──────── Source information

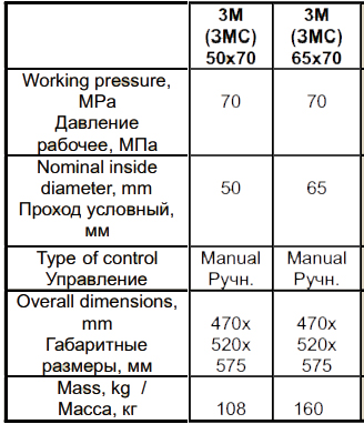 Технические характеристики: Задвижки ЗМС-50-70, ЗМС-65-70 (ЗМ-50-70, ЗМ-65-70)
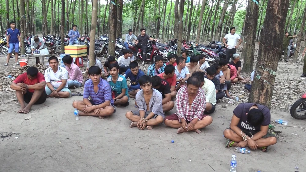 Khoảng 14 giờ cùng ngày, các trinh sát phòng Cảnh sát hình sự bất ngờ đột kích vào một rừng cao su tại xã Tân Hiệp (huyện Phú Giáo, Bình Dương). Khi thấy lực lượng Công an, các con bạc bỏ chạy toán loạn, nhưng bị các trinh sát nhanh chóng khống chế, tóm gọn.
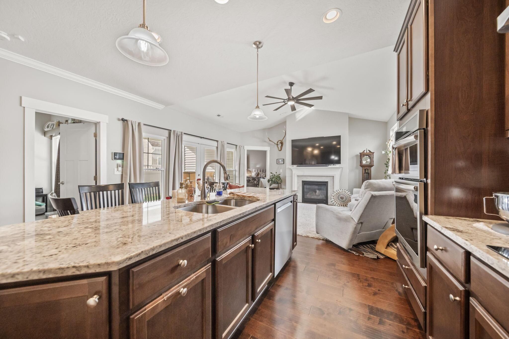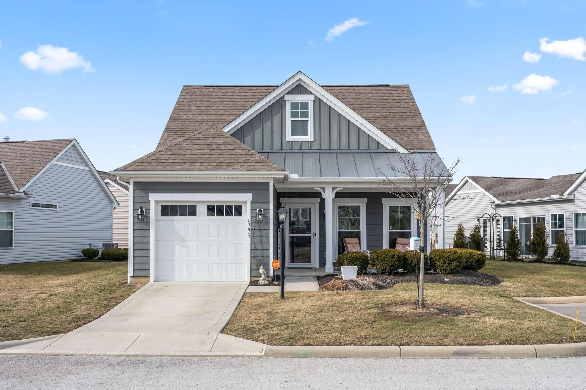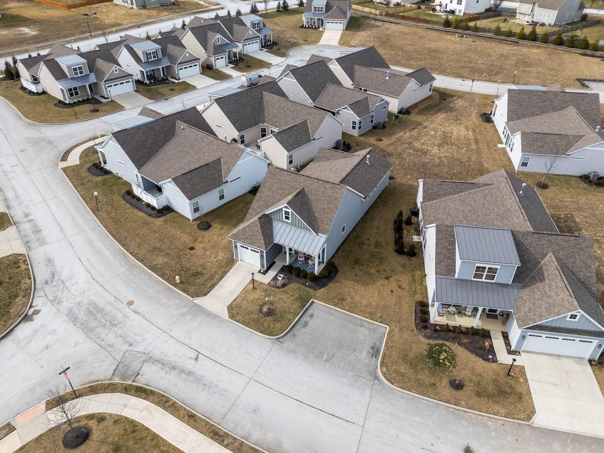 This thoughtfully upgraded 2-bedroom, 2 full bath ranch-style home with a dedicated office offers more than new construction--with quartz countertops, tempered windows, elegant French doors, and stylish ceiling fans (including on the covered patio). Unlike the nearby new builds, it includes all kitchen appliances, extra garage storage, and a Vivint security system for added peace of mind. Nestled against preserved green space with nearby walking trails and an active clubhouse, you'll enjoy a rare blend of privacy, community, and low-maintenance living. While it's been on the market longer, the extended days are simply about timing—this home is in excellent condition and truly move-in ready.(Builder: Trinity. Floorplan: Newton. Community: Woodside at Holton Run.) HOA includes exterior maintenance, water, sewer, trash, snow removal, and clubhouse usage.
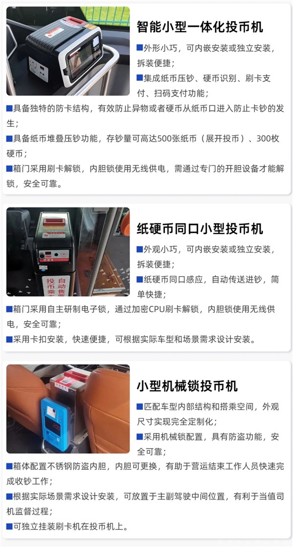 通达电气研发团队根据小微公交应用场景需求、个性化功能需求,自主研发智能小型一体化投币机、纸硬币同口小型投币机、小型机械锁投币机等三款小型化投币机,并可根据客户的实际应用需求,进行定制化安装设计,高度匹配不同车型和场景需求。
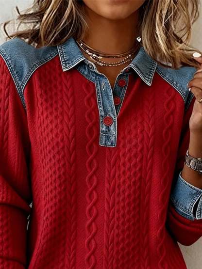 🔥 Women's Solid Color V Neck Long Sleeve Casual Loose Knit Pullover
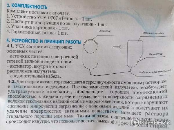 В других положительных отзывах отмечается, что при ручной стирке белого белья Ретона показывает себя с лучшей стороны. Отлично справляется с общими загрязнениями за один час. , осталось только слегка потереть вещь руками. При отсутствии стандартной стиральной машины ультразвуковая Ретона – отличное решение.
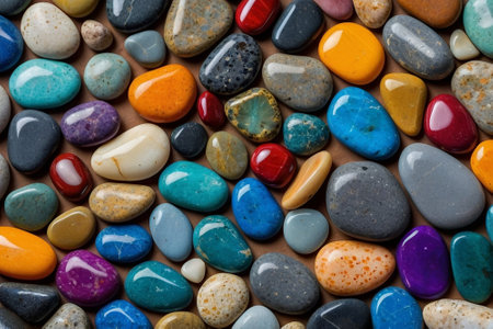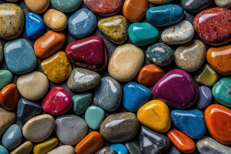 A diverse and vivid assortment of smooth, colorful pebbles ideal for backgrounds or artistic creations
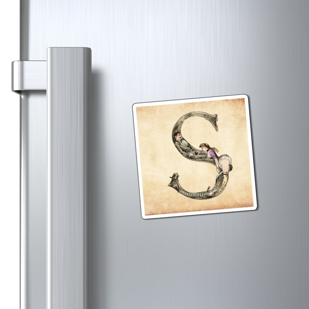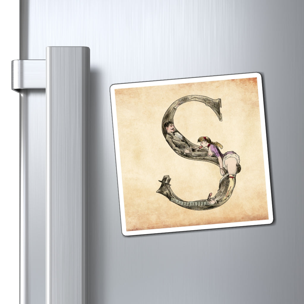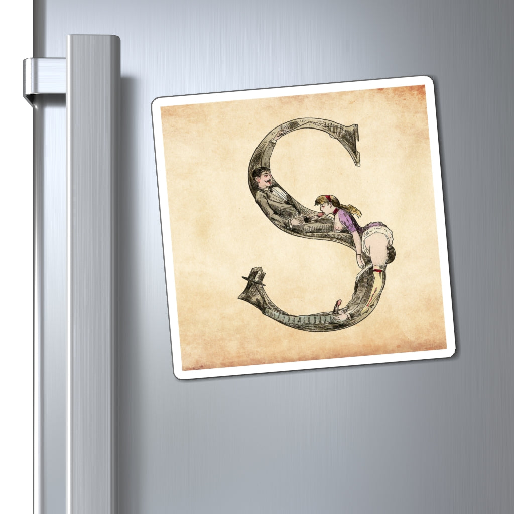 Magnet featuring the letter S from the Erotic Alphabet, 1880, by French artist Joseph Apoux (1846-1910). -
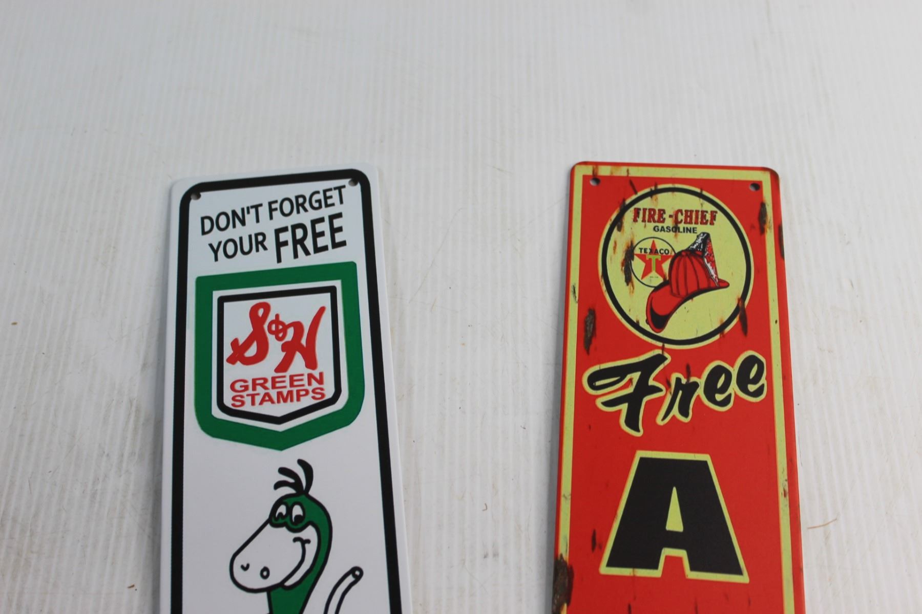 (2) Sinclair and Firechief Signs 16'' x 4''
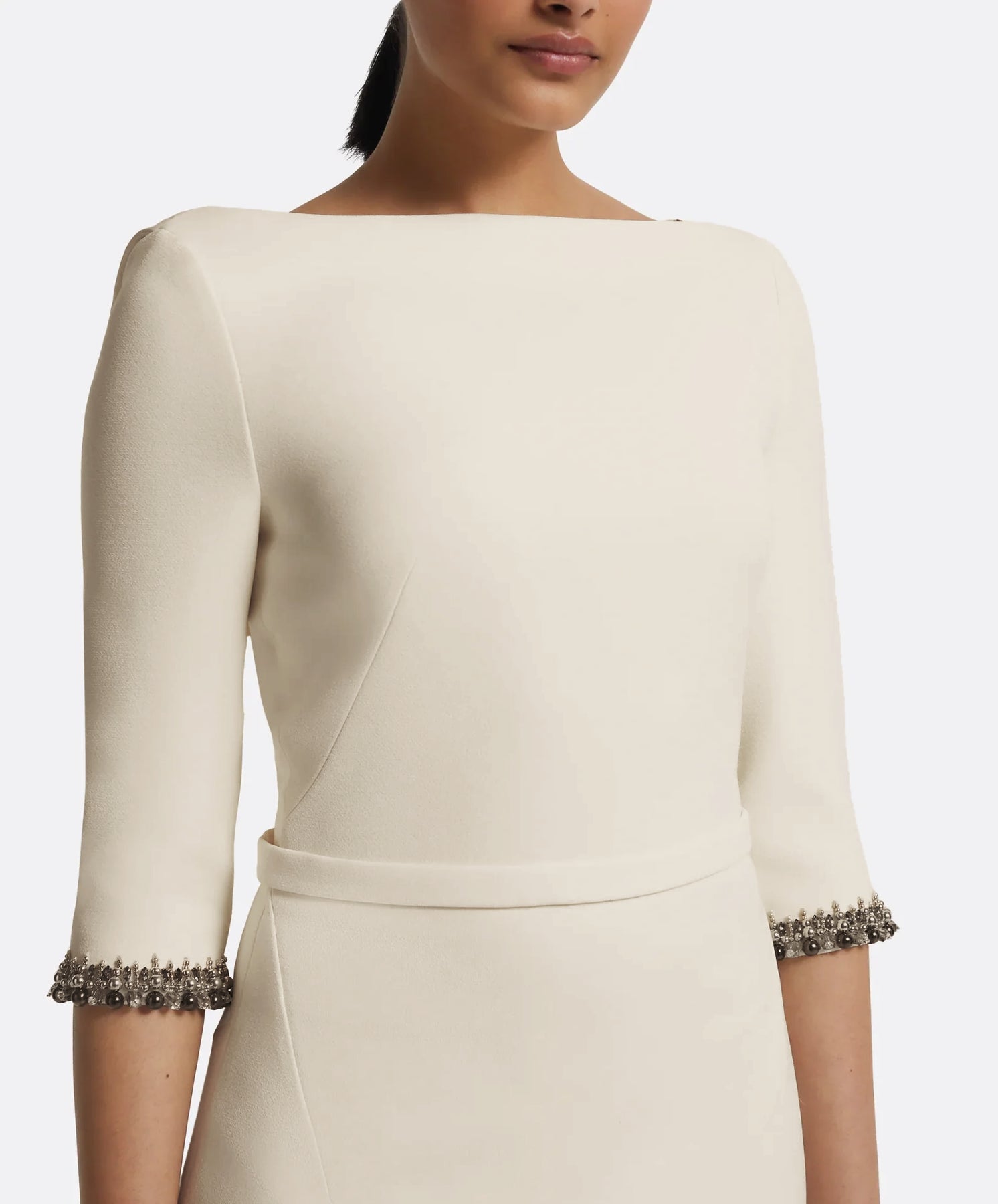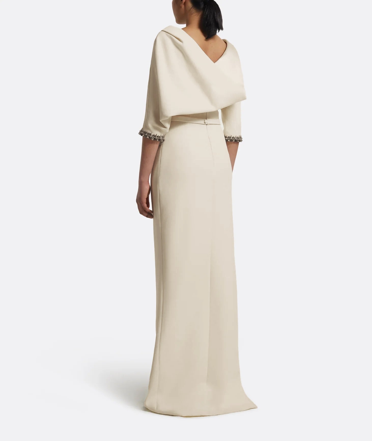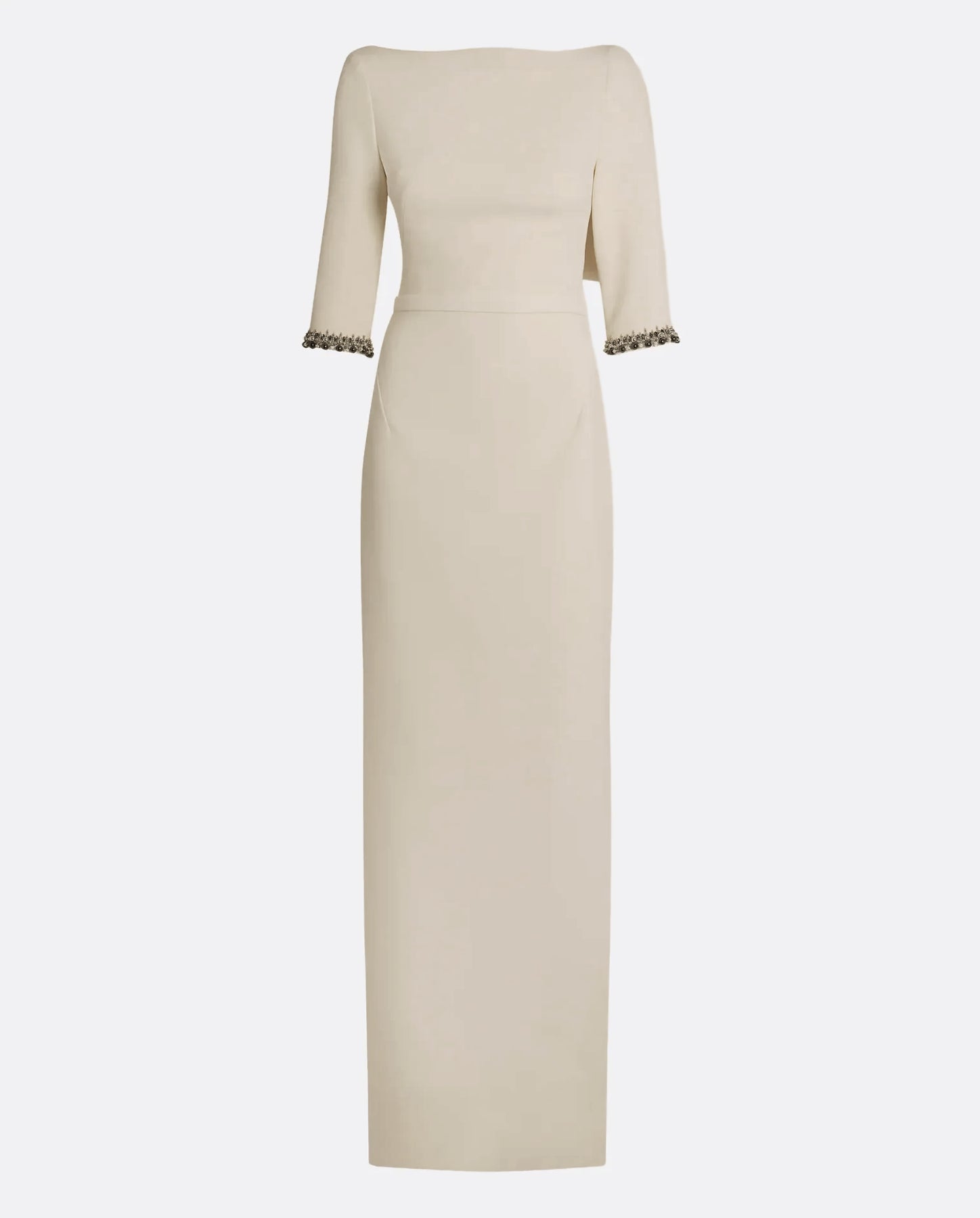 An elegant ivory column gown with a bateau neckline and sleek three-quarter sleeves finished with crystal-embellished cuffs. A timeless silhouette infused with modern sparkle, perfect for refined evening occasions.
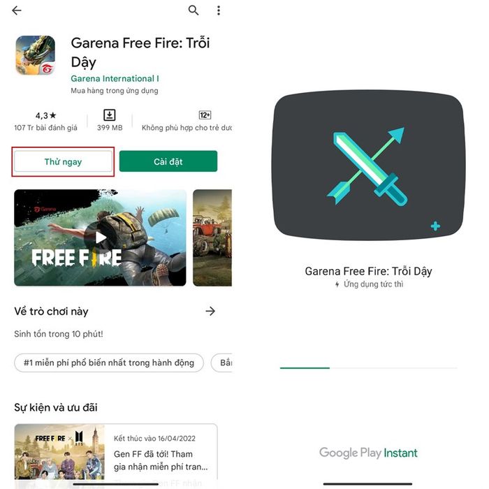 Step 2:From the search results, select Free Fire and click the 'Try Now' button. Garena Free Fire will run instantly after Google Play Instant finishes installing.
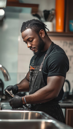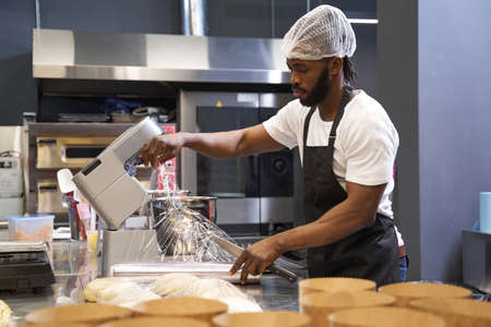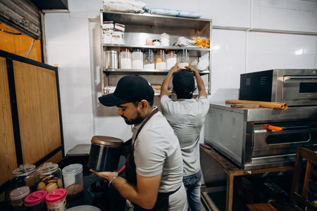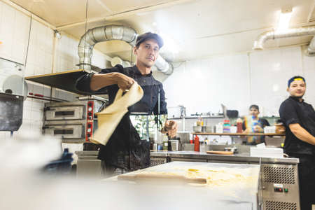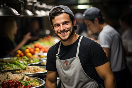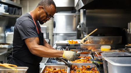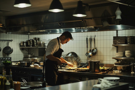 Man is seen preparing food in busy restaurant kitchen. Behind-the-scenes work that goes into creating delicious meals in professional setting.

────────────────

» Problem description
Output exactly the lines from the line containing "An elegant ivory" through the last line of the records, both included, and leave out every picture.

» Solution for this exercise
 An elegant ivory column gown with a bateau neckline and sleek three-quarter sleeves finished with crystal-embellished cuffs. A timeless silhouette infused with modern sparkle, perfect for refined evening occasions.
 Step 2:From the search results, select Free Fire and click the 'Try Now' button. Garena Free Fire will run instantly after Google Play Instant finishes installing.
 Man is seen preparing food in busy restaurant kitchen. Behind-the-scenes work that goes into creating delicious meals in professional setting.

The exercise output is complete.